▶ What this task involves
In the entries below, how many lines hold the string "Победы"? Give only the number.
Provided material Start Marker
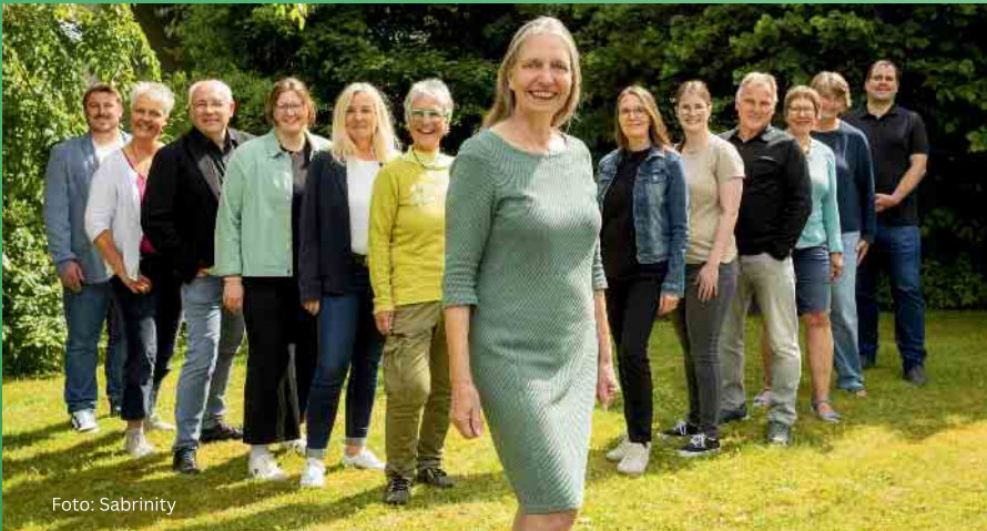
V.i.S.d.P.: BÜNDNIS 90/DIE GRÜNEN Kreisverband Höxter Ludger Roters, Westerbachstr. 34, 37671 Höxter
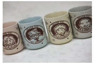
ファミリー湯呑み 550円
Provided material End Marker
Provided material Start Marker
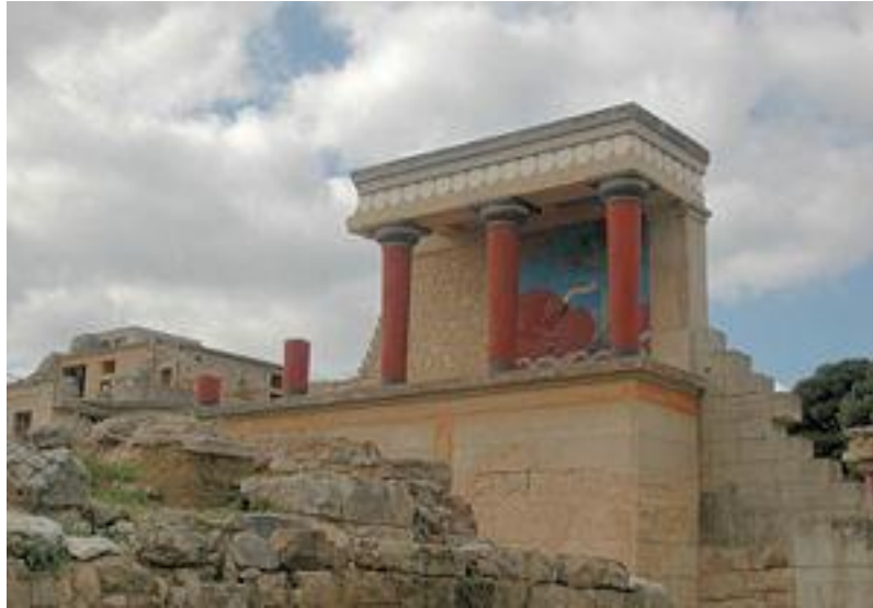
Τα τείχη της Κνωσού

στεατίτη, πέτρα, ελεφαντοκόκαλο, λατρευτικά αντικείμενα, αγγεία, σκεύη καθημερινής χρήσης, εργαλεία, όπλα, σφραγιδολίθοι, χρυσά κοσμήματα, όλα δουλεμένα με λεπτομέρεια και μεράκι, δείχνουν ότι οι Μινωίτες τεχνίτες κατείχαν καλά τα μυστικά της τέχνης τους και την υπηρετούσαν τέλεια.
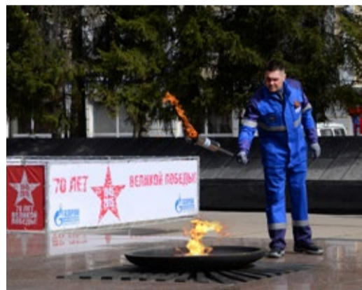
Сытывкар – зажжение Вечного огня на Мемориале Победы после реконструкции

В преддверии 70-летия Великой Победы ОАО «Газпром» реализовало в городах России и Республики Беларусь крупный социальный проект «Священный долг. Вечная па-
Provided material End Marker
▶ Answer
2